Fortunately for the Volunteers here today, we have been blessed by all of you sitting in this room. You are our honored guests who have shown a great deal of respect, appreciation, love, kindness, friendship and much more. Through my two year journey I have been given wonderful counterparts and through that came friendship. If it weren’t for the exceptional individuals that reached out to me I may not be standing before you today; recognizing you all for your kind hearted ways. My counterpart and now a great friend came to me with an open mind to talk and discuss the work I had planned, about my life and where I came from. I recognized this as a wonderful blessing; when another could show a true interest in me was a compliment and filled me with feelings of comfort. From this supportive environment, I was able to fully utilize my skills and foster the positive change I came here to inspire. After months and now two years of working together my colleague and I have blossomed in our projects, talents, and community lives. Our friendship grew and we constantly motivated one another to continue the community and youth development we had already begun to establish.
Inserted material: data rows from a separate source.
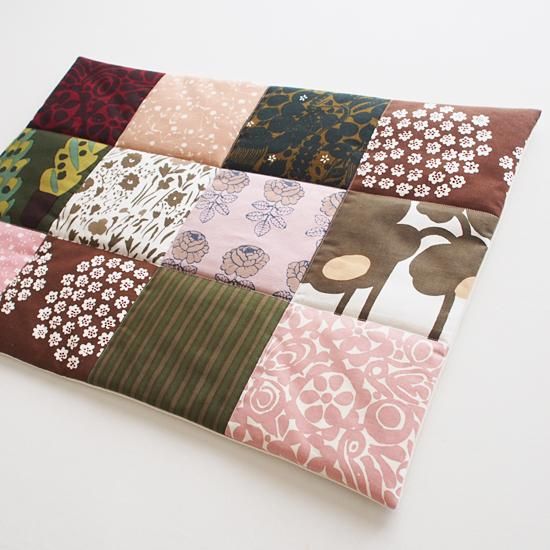 マリメッコのヴィンテージ、廃番布などを使い、3×4のパッチワークで作ったフロアマットです。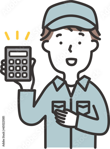 Obraz premium 帽子をかぶった作業服の男性が電卓を持っているイラスト
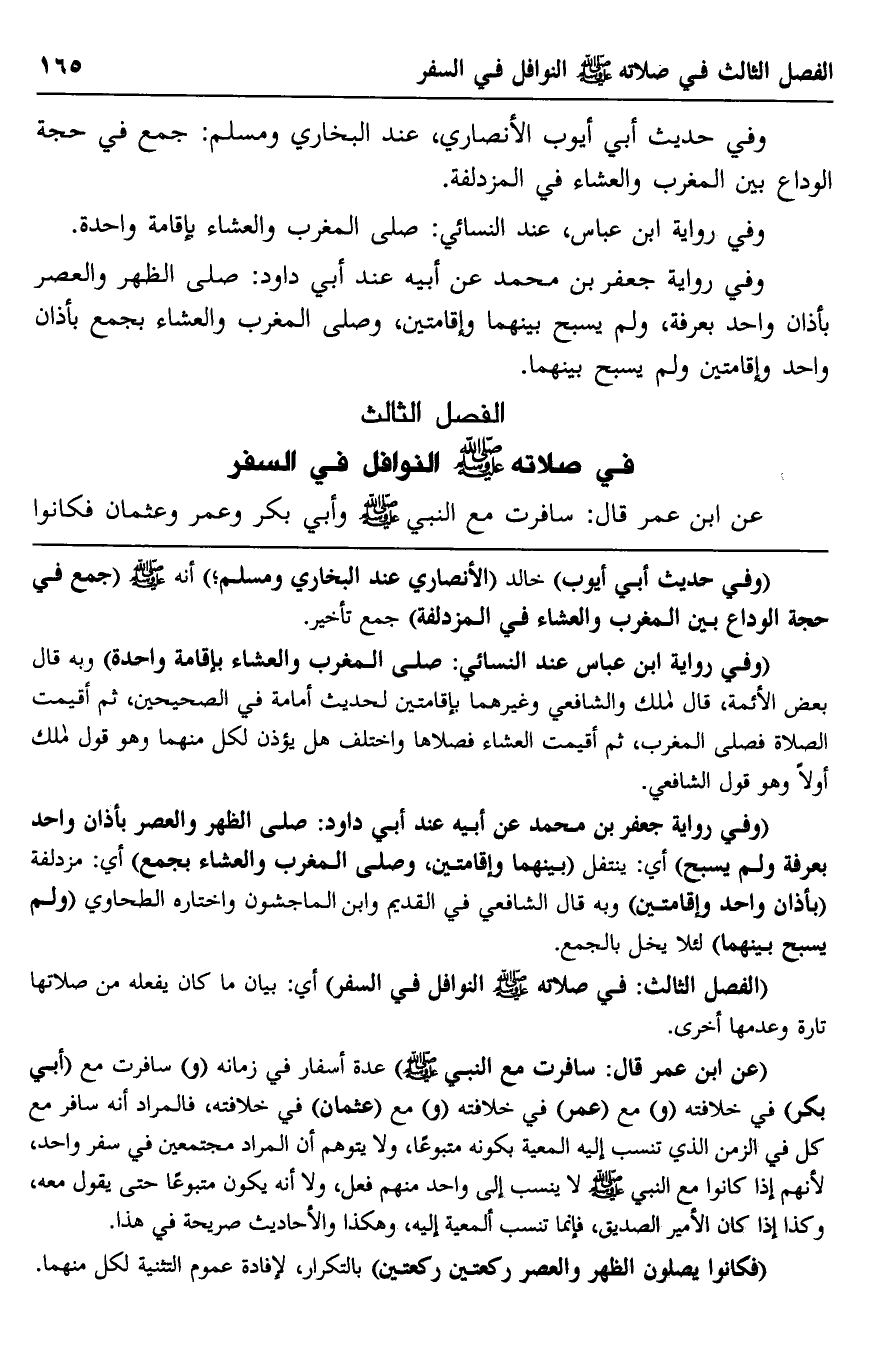 "عن ابن عمر قال: سافرت مع النبي -صلى الله عليه وسلم" عدة أسفار في زمانه "و" سافرت مع "أبي بكر" في خلافته "و" مع "عمر" في خلافته "و" مع "عثمان" في خلافته، فالمراد أنه سافر مع كل في الزمن الذي تنسب إليه المعية بكونه متبوعا، ولا يتوهم أن المراد مجتمعين في سفر واحد؛ لأنهم إذا كانوا مع النبي -صلى الله عليه وسلم- لا ينسب إلى واحد منهم فعل، ولا أنه يكون متبوعا حتى يقول معه، وكذا إذا كان الأمير الصديق، فإنما تنسب المعية إليه، وهكذا والأحاديث صريحة في هذا.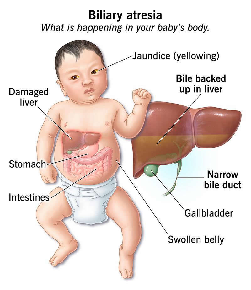 Biliary atresia is a condition that affects an infant’s liver. Bile normally flows from your baby’s liver to their small intestine. But with biliary atresia, your baby’s bile ducts (tubes that carry the bile) are blocked. So, bile builds up in their liver and damages it. Surgery improves bile flow, but most babies end up needing a liver transplant.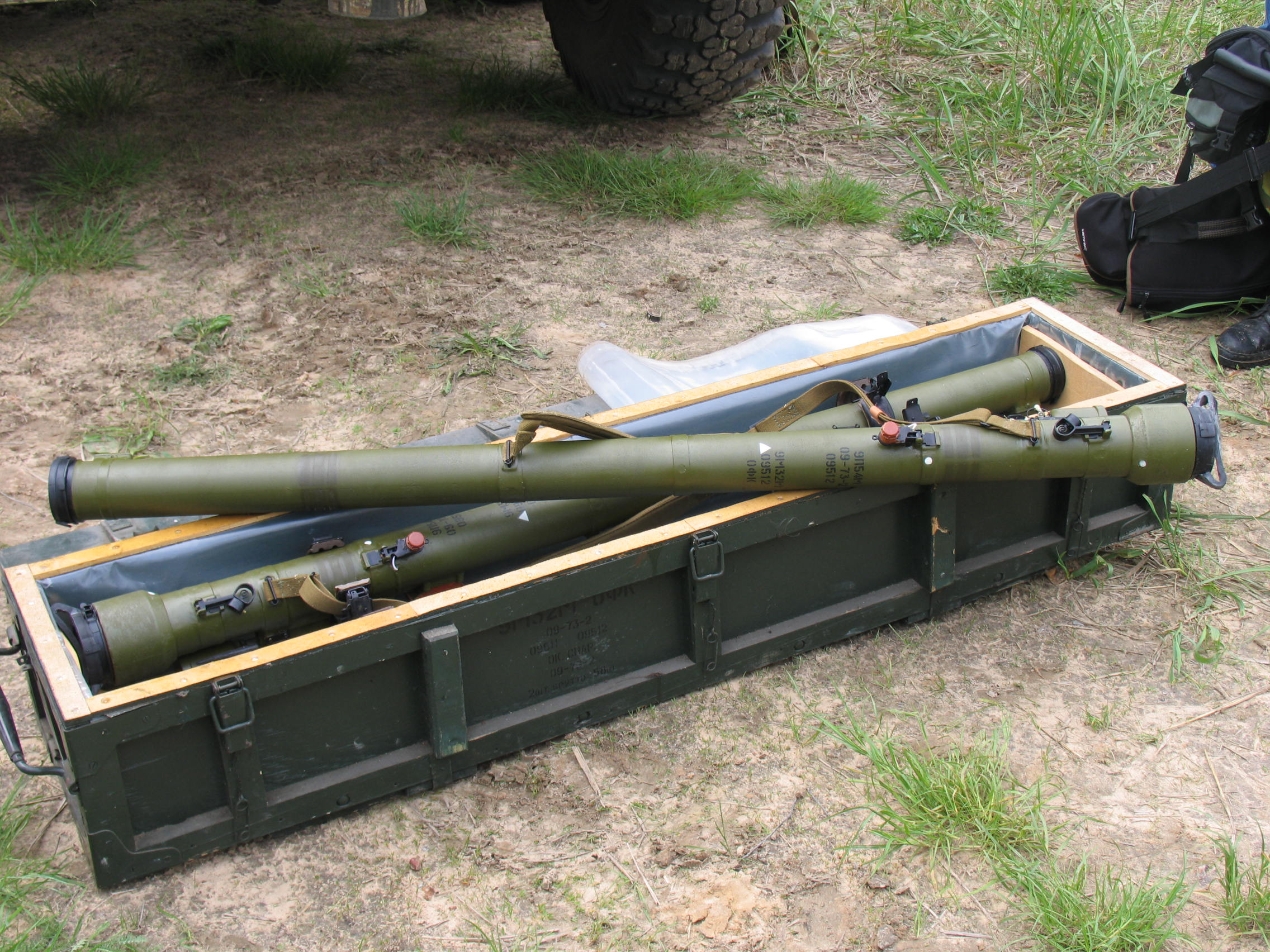 Shoulder fired "Strela-IIM" anti-aircraft missiles before destruction near the city of Sluck, Belarus, 25 May 2005. This was part of OSCE efforts to eliminate surplus small arms and light weapons and improve stockpile security and management.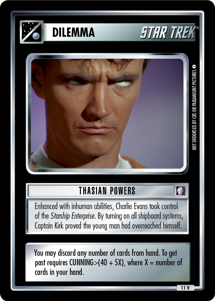 You may discard any number of cards from hand. To get past requires CUNNING > (40 + 5X), where X = number of cards in your hand.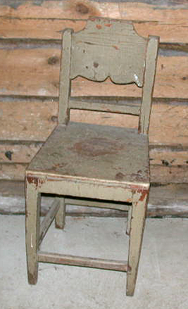 Puuta, maalattu harmaan vihertävällä maalilla, pohjaväri punaruskea. Istuinlauta yhdestä puusta, naulattu puunauloilla. Sarja suora. Hartialaudan ylä- ja alareuna profiloitu. Jalat suorat, jalkainkehä umpinainen (kulkee kaikkien jalkojen kautta), pienet samalla korkeudella.

This shows the power of a one on one connection and the domino effect it creates. For when my counterparts showed interest, acceptance, and appreciation a door was opened for others to enter. When one can express that genuine interest and eventually trust an individual, no matter their history or race, others tend to come around. Everyone here is a part of that effect. For you were considerate enough to open your minds, hearts and lives to us. You gave us your time, attention and a voice and made us a part of something we had hoped to be: the development of this beautiful country. Be proud for you have helped us reach a Peace Corps goal. For we all have contributed to greater world peace, a better understanding of different people and shared ideas which led to development. Once again thank you for all you have done and for helping give Peace Corps Volunteers a lifetime of memories.

Saturday concluded the week with a youth event "Go Green Roseau" which brought youth from all over Dominica together to learn about environmentally clean habits, distribute painted rubbish drums and clean various areas of the capital city.